Als gevolg hiervan kan ingeval van onderbrenging bij verzekeraars de
situatie ontstaan dat, hoewel op de pensioenovereenkomst Nederlands
recht (en dus deze wet) van toepassing is, op de uitvoeringsovereenkomst
recht van een ander land van toepassing is. Dat is bijvoorbeeld
het geval als een werkgever uit een andere EU-lidstaat met een in
Nederland werkende werknemer een pensioenovereenkomst heeft afgesloten
die hij wil onderbrengen bij een Nederlandse of buitenlandse verzekeraar.

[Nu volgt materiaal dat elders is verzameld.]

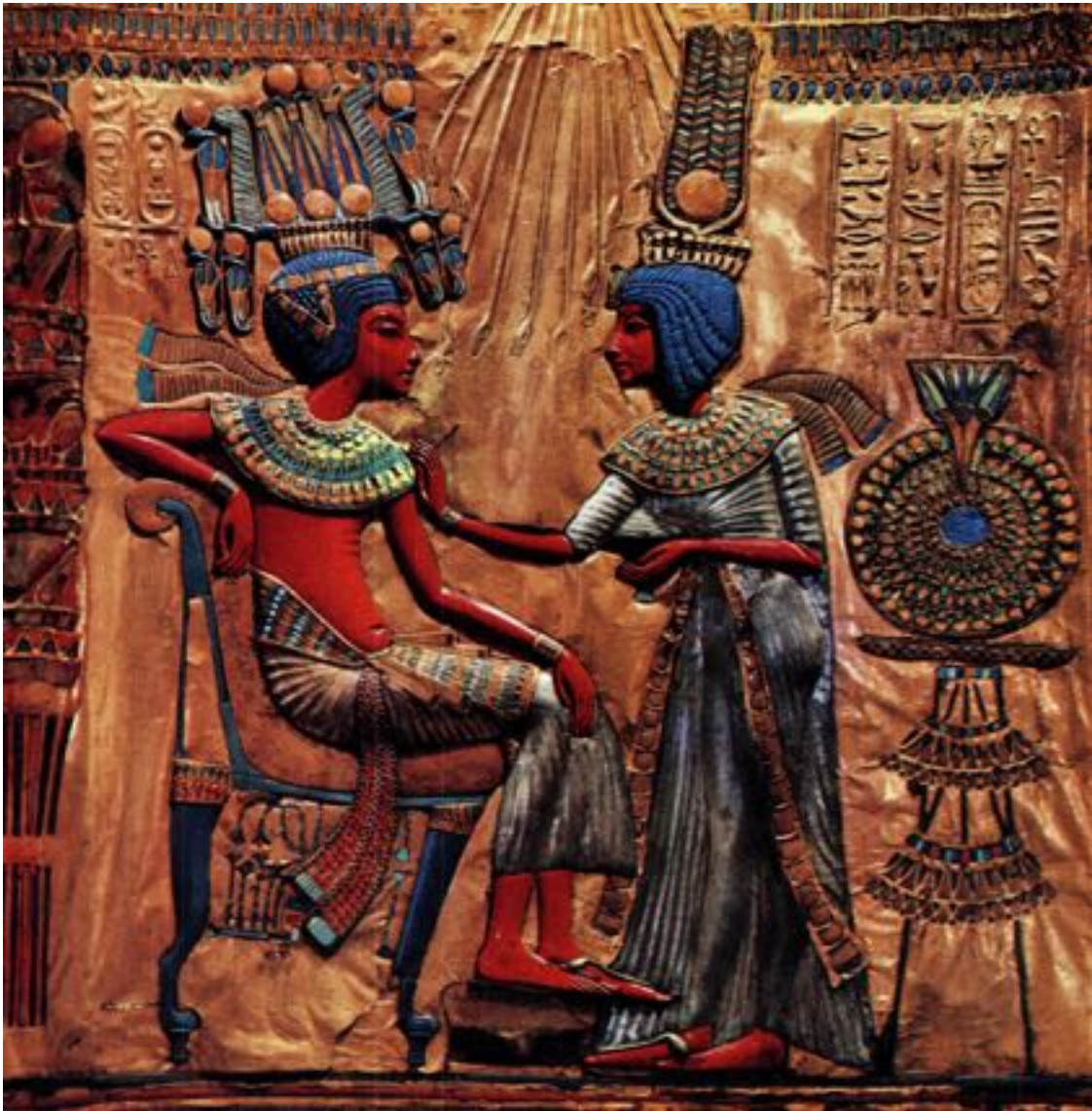
Statue de l'Égypte ancienne (environ 1350 ans avant J-C)

dangereuse que de se suggérer cet état à soi-même, intellectuellement ou mystiquement. Quand vous parviendrez à cette étape de votre développement, les choses seront si évidentes que toute erreur sera exclue.
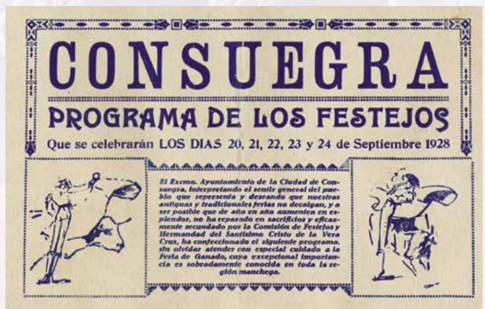
PORTADA DEL PROGRAMA DE FERIAS DE CONSUEGRA DE 1928
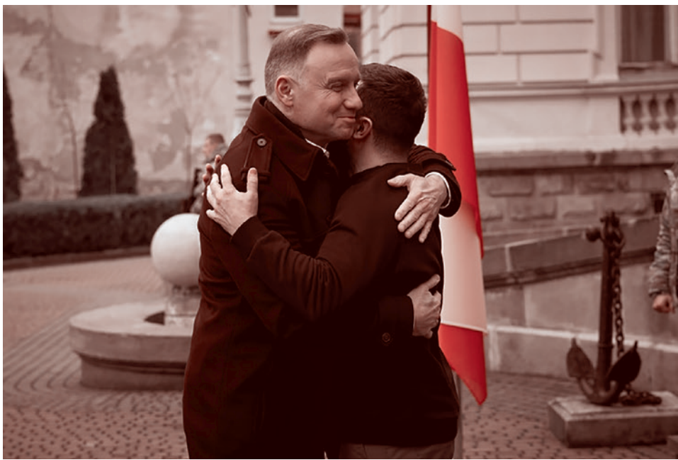
Президент Польши Анджей Дуда обнимает президента Украины Владимира Зеленского

А километром туда или обратно... да, каждый дом важен. И будут еще неприятные вещи, но пока русский дух не сдался, это кончится, по минимуму, в Киеве.
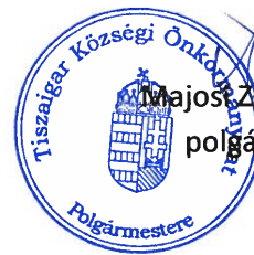
Majost Zoltán Csaba polgármester
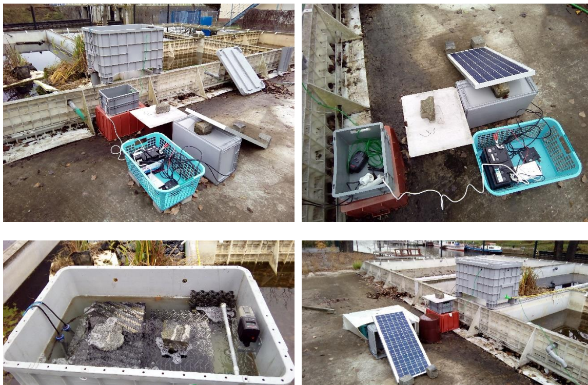
Obr. 2 Příklad instalace bioreaktoru, solárního napájení a technologických součástí

Příklad využití bioreaktoru pro dávkování vodního roztoku s namnoženou biomasou mikroorganismů z biopreparátu dokládá obrázek 2. na obrázku 3 je příklad schéma zařízení, které může být využito pro návrh konstrukce a realizaci dle místních podmínek.
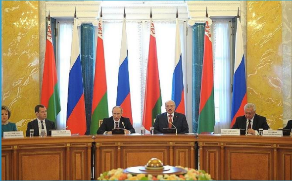
Высший Государственный Совет
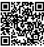
Maserati Car Configurator: 1. Code scannen 2. Maserati konfigurieren

Um die unzähligen Individualisierungskombinationen unserer Modelle zu entdecken, stellen wir Ihnen einen Car Configurator im Internet zur Verfügung. Um ein authentisches Bild Ihrer Konfiguration zu zeigen, können Sie das Fahrzeug aus verschiedenen Perspektiven betrachten. Probieren Sie es selbst aus unter www.configurator.maserati.com . Dort können Sie auch weitere Modelle konfigurieren. Viele zusätzliche, interessante Informationen über Maserati, die einzelnen Fahrzeuge und über die verschiedenen Services erhalten Sie unter www.maserati.de . Hier finden Sie auch eine Übersicht sämtlicher Vertragspartner.
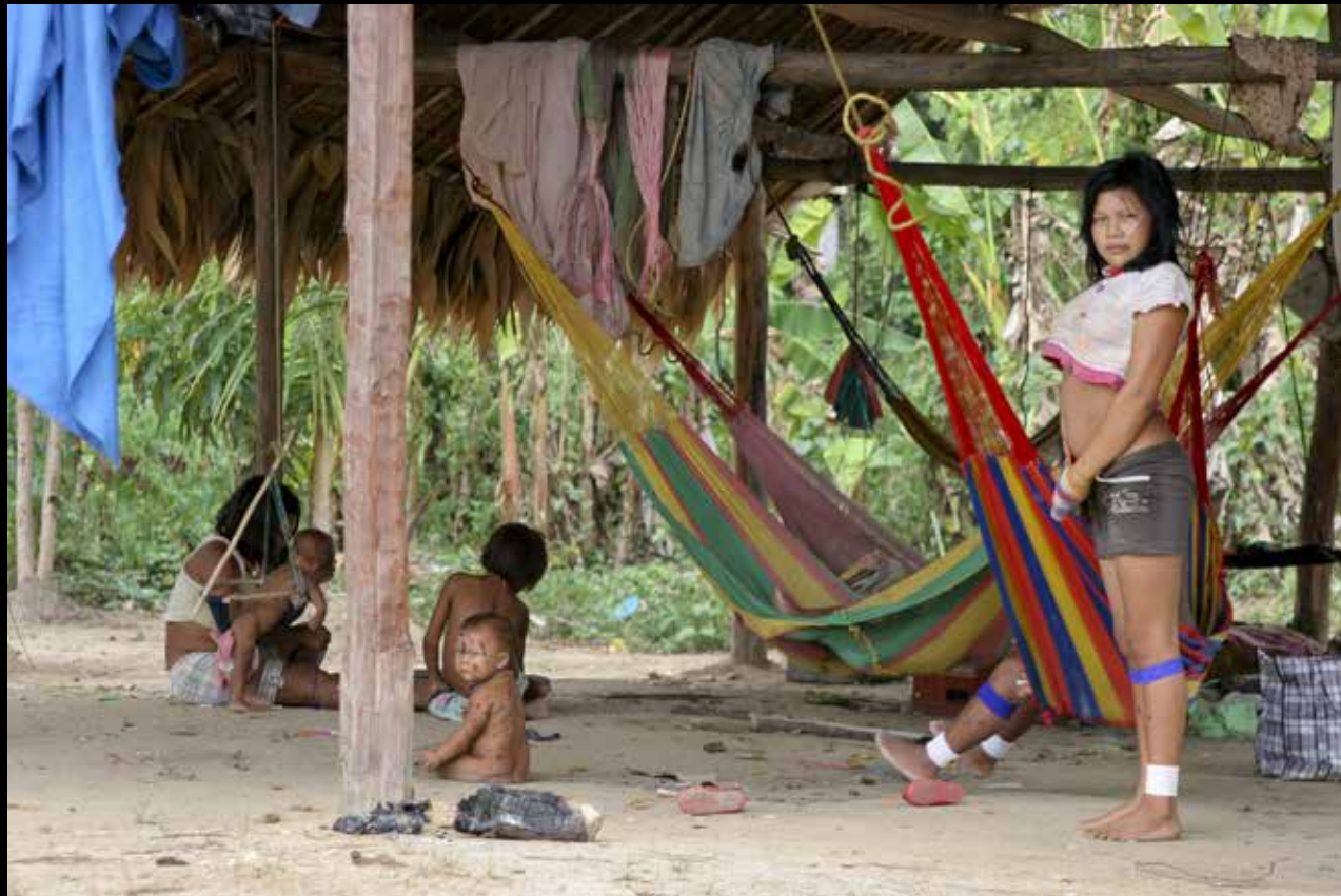
Mieszkańcy wioski nad Rio Cuaro
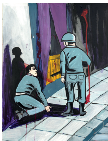
7 • Acá mando yo •
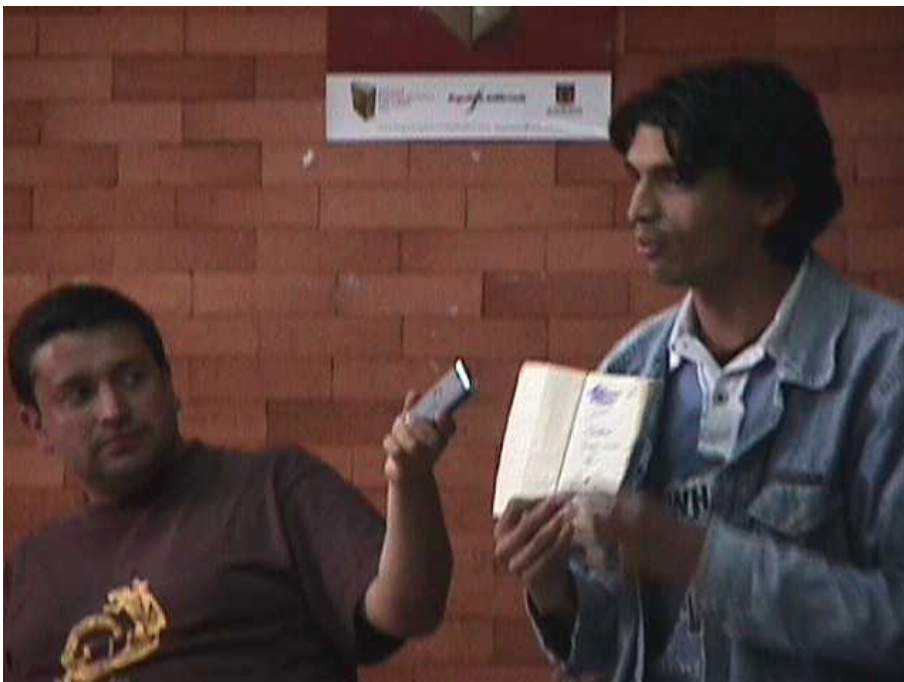
Entrevistas Manuel Elkin Patarroyo
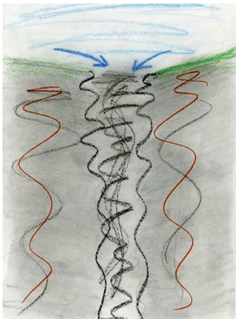
Рис. 2. Пример представления подростками об одиночестве как о крушении

В данном контексте ключевым моментом организации семантики образов одиночества становится недостаточный субъективный опыт подростков в развитии коммуникативных компетентностей, обусловленный дефицитарностью социальных подкреплений при форматировании личностных сценариев поведения.
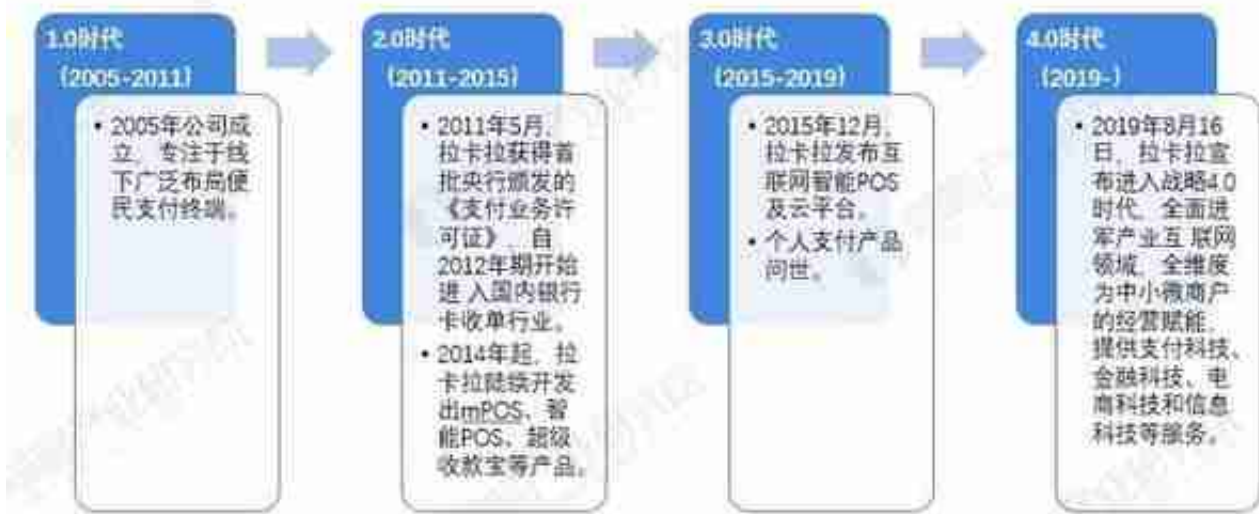
图表2：拉卡拉-数字人民币相关业务布局历程

新大陆(000997.SZ)与拉卡拉(300773.SZ)均是数字人民币领头羊，两者在电子支付设备(POS机，三方支付上游)和三方支付服务方面均有布局。具体来看，拉卡拉(300773.SZ)的在支付业务的收入较高，市场认可程度较高，且支付业务的毛利率水平具有一定优势。
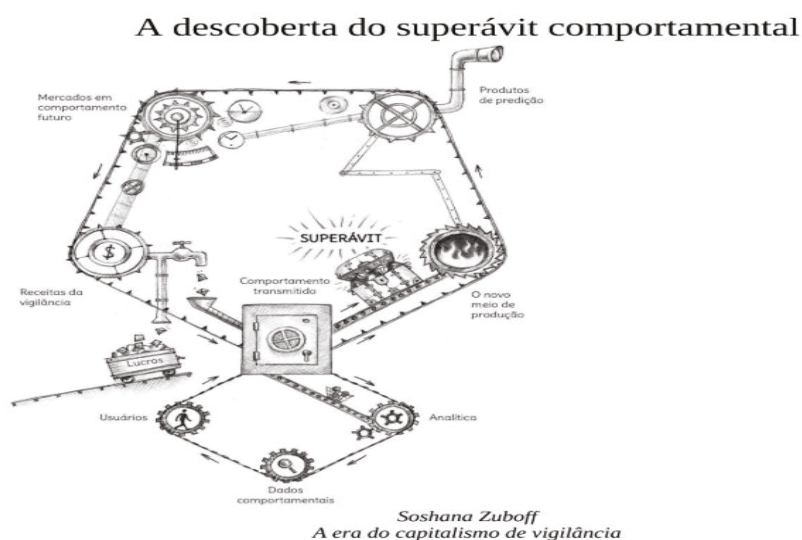
Esquema 01: A máquina do capitalismo de vigilância

Fonte da imagem: A era do capitalismo de vigilância: a luta por um futuro humano na nova fronteira do poder
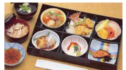
セット+22,000円にて セット鈴蘭@20より上記 写真あけびに変更できます
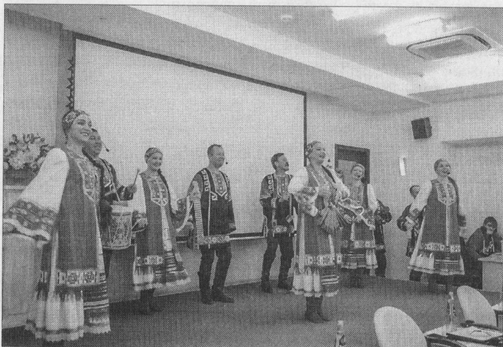
▲ В повестке дня форума не только деловые встречи, но и самобытная культурная программа
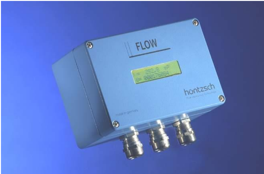
Umformer UFA im Gehäuse AS102
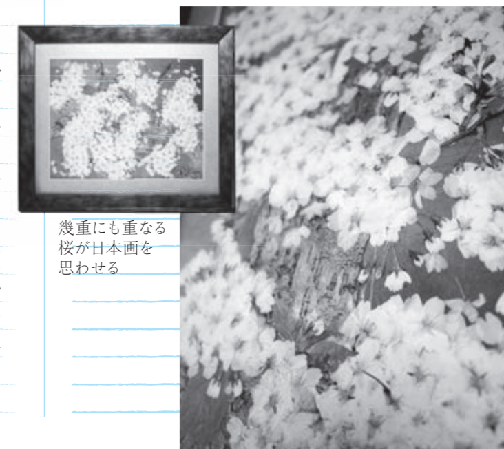
幾重にも重なる桜が日本画を思わせる

自宅の庭に咲く草花が花瓶や額に入り絵になると、とても嬉しくなります。最初は小さな額や小物作り、だんだんと大きな額に挑戦していくのですが、鳥や動物等を取り入れ、可愛い楽園をイメージして風景画を描いています。私はまだまだ未熟ですが、次はこんな作品を作りたい!と、夢は膨らむばかりです。
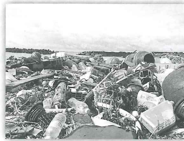
2023年1月の越前海岸 プラスチックゴミ漂着
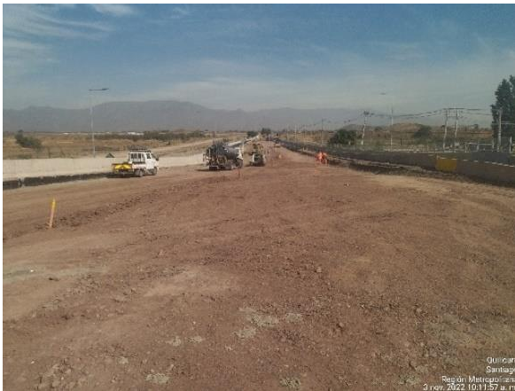
PREPARACIÓN DE SUBRASANTE VÍAS EXPRESAS KM 6.650 SALIDA LO MARCOLETA
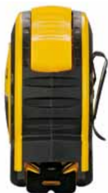
Crochet spikes et anneau de fixation
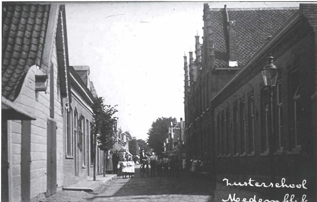
Afb.5a: De Mariaschool in het Bagijnhof omstreeks 1915.

De laagbouw rechts op de foto, met aansluitend het Martinusgesticht met de opvallende trapgevels, vormde de Mariaschool. Hier begonnen in 1884 de Zuster van Liefde hun onderwijsactiviteiten. Reeds in 1875 waren er initiatieven genomen om een rooms-katholieke kleuterschool te stichten.
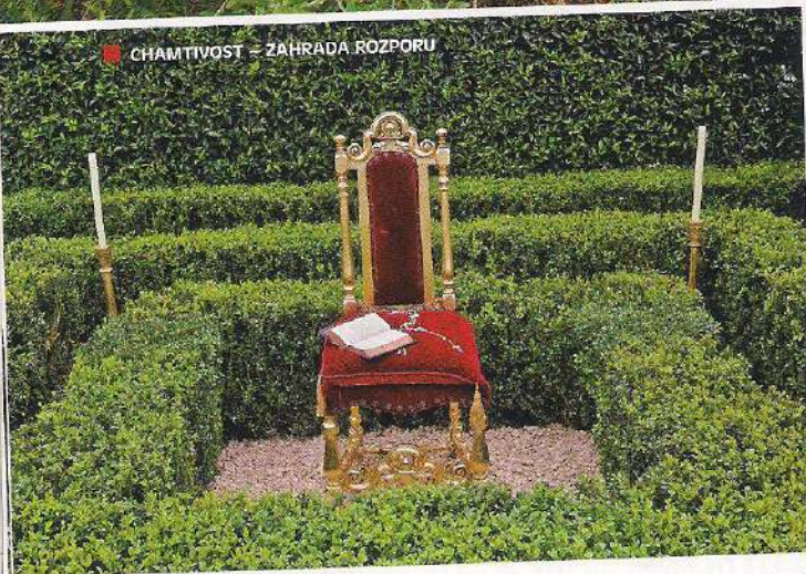
CHAMITVOST = ZÁHRADA ROZPORU

H ampton Court Palace leží v Londýně, ve čtvrti Richmond. V roce 1516 jej nechal postavit kardinál Wolsey, lord kancléř krále Jindřicha VIII. Přiliš si ho neužil. Král mu totiž, poté co u něj Wolsey v roce 1520 upadl v nemilost, palác zabavil, a následně jej rozšířil. V zahradách paláce se v minulosti procházel nejen král, ale i britská šlechta. I letos se na přehlídku květin, trávníků, rostlin, zahrad a strašáků do zelí na Hampton Court Palace Flower Show přijela podívat princezna Alexandra z Kentu, ctihodná Lady Ogilvy.

Omdat de werkgever als verzekeringnemer in het buitenland
gevestigd is, geldt dat het buitenlandse recht van toepassing is op de
uitvoeringsovereenkomst. Dat is onbevredigend. Het leidt er bijvoorbeeld
toe dat de verzekeraar niet gehouden is aan voorlichtingsvoorschriften ten
aanzien van de werknemer die in deze wet opgenomen zijn. De
regering ziet evenwel geen duidelijke mogelijkheid te regelen dat op de
uitvoeringsovereenkomst hetzelfde recht van toepassing is als op de
pensioenovereenkomst.
Als de werkgever in Nederland gevestigd is maar een pensioenovereenkomst
bij een buitenlandse verzekeraar wil onderbrengen, dan is deze wet
van toepassing. Als gekozen wordt voor ander recht dan het
Nederlandse, dan blijven de dwingendrechtelijke bepalingen toch van
toepassing. Wel is in deze wet, zoals in de Regelen PSW al wordt
gedaan, bepaald dat áls er gekozen wordt voor ander dan het Nederlands
recht bij de uitvoeringsovereenkomst, een clausule moet worden opgenomen
die bepaalt dat deze wet van toepassing is. Hiermee wordt
bereikt dat een eventuele buitenlandse rechter die een oordeel moet
vellen over een uitvoeringsovereenkomst van een in Nederland gevestigde
werkgever met een in zijn land gevestigde verzekeraar, de juridische
constellatie op grond van de richtlijn Leven en het EVO (over de dwingendrechtelijke
bepalingen) nadrukkelijk onder ogen krijgt.
Onderbrenging bij buitenlands pensioenfonds
Sinds richtlijn 2003/41/EG is geďmplementeerd is het voor werkgevers
mogelijk om een pensioenovereenkomst bij een pensioeninstelling in een
andere lidstaat van de EU onder te brengen. Eveneens is het mogelijk dat
buitenlandse werkgevers hun pensioenovereenkomst bij een in Nederland
gevestigd pensioenfonds onderbrengen. Een belangrijke voorwaarde die
de richtlijn stelt is dat het nationale sociale- en arbeidsrecht van lidstaten
van toepassing blijft wanneer een pensioenovereenkomst wordt uitgevoerd
door een in een andere lidstaat gevestigde pensioeninstelling. Wat
onder andere onder arbeids- en sociaal recht moet worden verstaan kan
worden teruggevonden in de toelichting bij het wetsvoorstel ter implementatie
van Richtlijn 2003/41/EG (Kamerstukken II, 2004/05, 30 104, nr. 2),
in samenhang met de transponeringstabel horend bij dit wetsvoorstel.